Extracted records
--
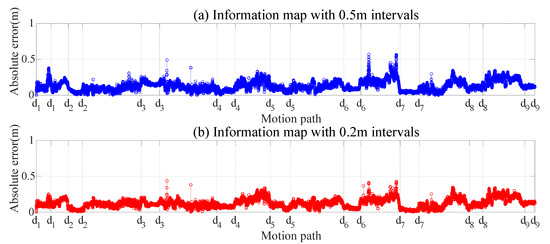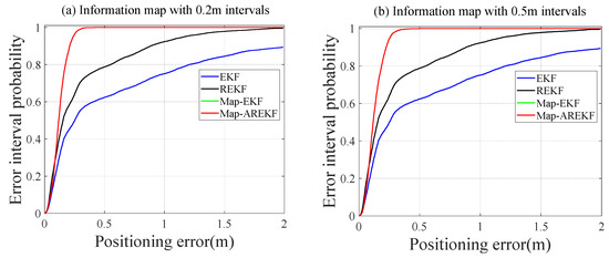 Figure 24 shows the effect of solution of the 4 algorithms in Experiment 3 using the LOS/NLOS information maps of the anchors built with 0.2 m intervals. Figure 25 shows the Map-AREKF algorithm errors with the two different information map sampling intervals. Figure 26 shows the error probability statistics for the algorithms with two different information map sampling intervals. The data for both cases remain basically the same, and it can be seen that the change of the information map sampling interval has little effect on the Map-EKF and Map-AREKF algorithms. In comparison, the smaller the interval is set, the finer the distinction between LOS/NLOS. The selection of the sampling intervals of the information map should be less than the minimum distance between adjacent signal-obscured objects. Considering the real passable indoor environment, we suggest that the sampling interval of the information map be less than or equal to 0.5 m.
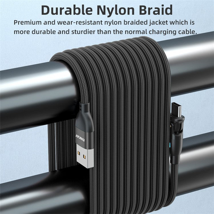 ENKAY 1m USB to Type-C 180 Degree Rotate 3A Fast Charging Data Cable with LED Indicator - Purple
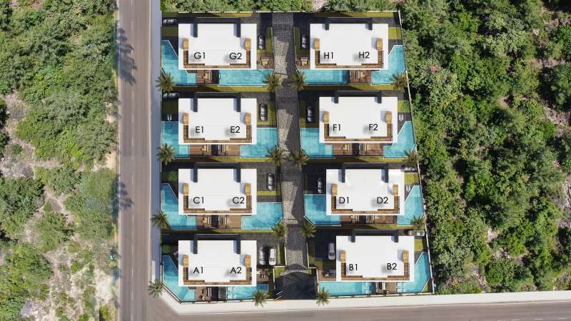 The houses are located on a complex consisting of 16 3-storey semi-detached houses. Each house has its own private pool.
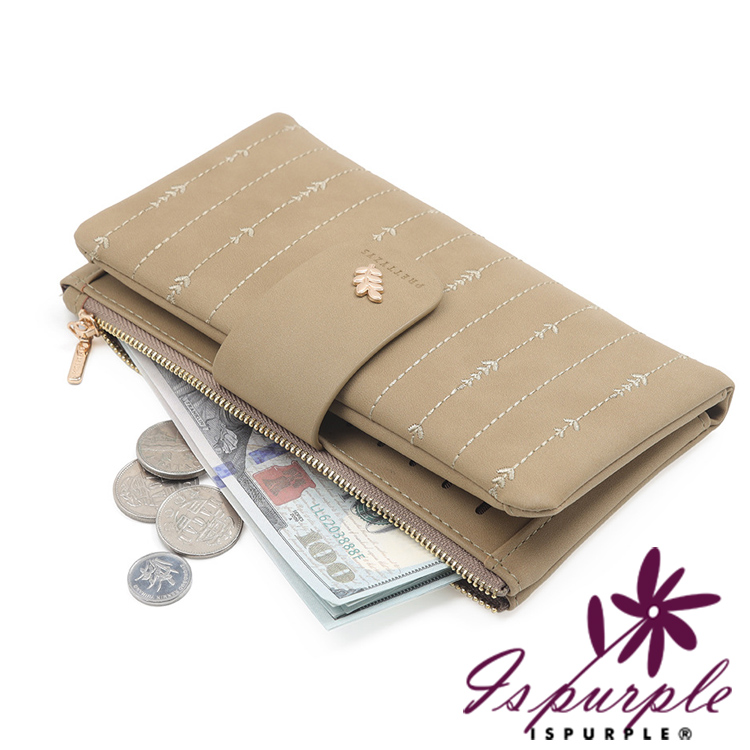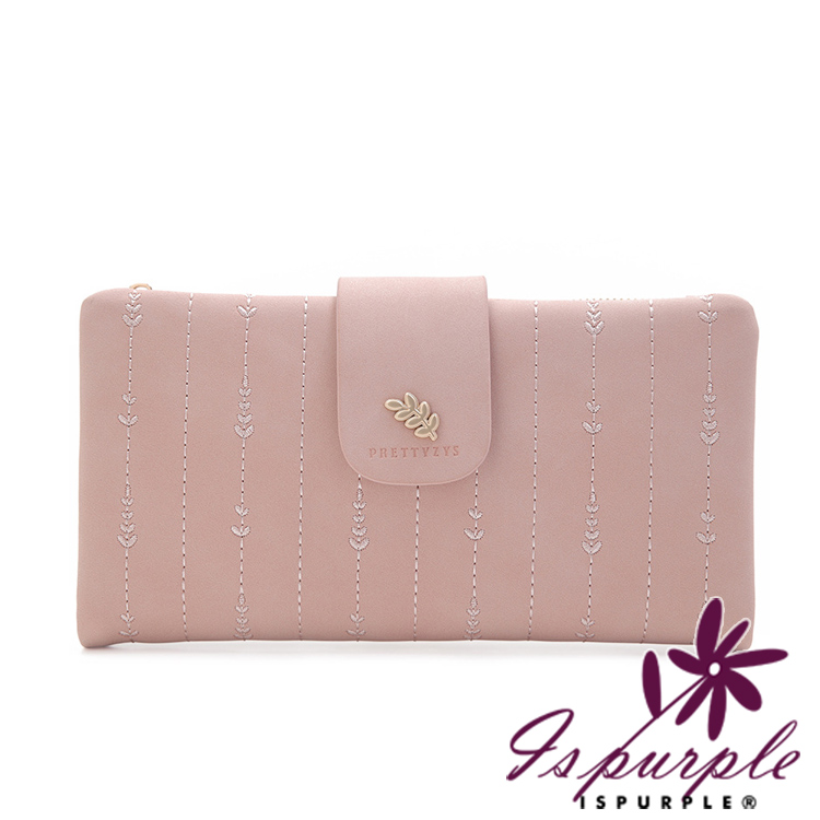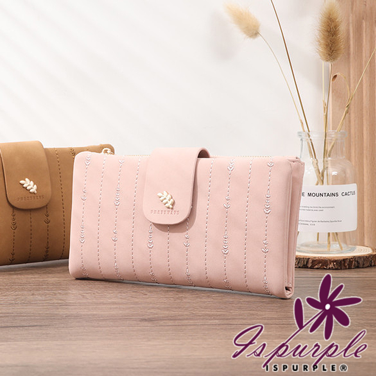 【iSPurple】金葉點綴 輕巧軟皮革二折刺繡長夾/粉色
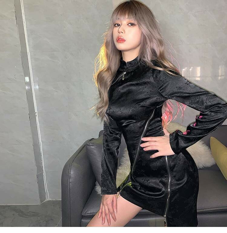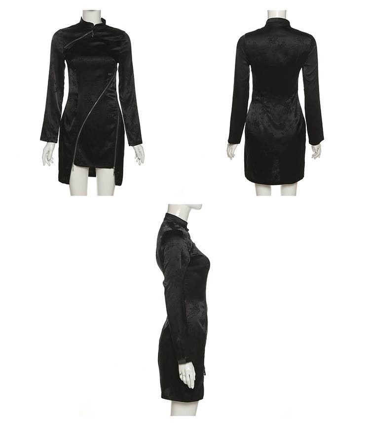 チャイナドレス ミニ タイト 黒 長袖 ドレス 超目玉商品 S M L
--
▶ [TASK TO CARRY OUT]:
Would you reproduce the lines from the one with "The houses are" through the final line of the data above, exactly and only those, without any pictures?

▶ [SOLVED PROBLEM]:
 The houses are located on a complex consisting of 16 3-storey semi-detached houses. Each house has its own private pool.
 【iSPurple】金葉點綴 輕巧軟皮革二折刺繡長夾/粉色
 チャイナドレス ミニ タイト 黒 長袖 ドレス 超目玉商品 S M L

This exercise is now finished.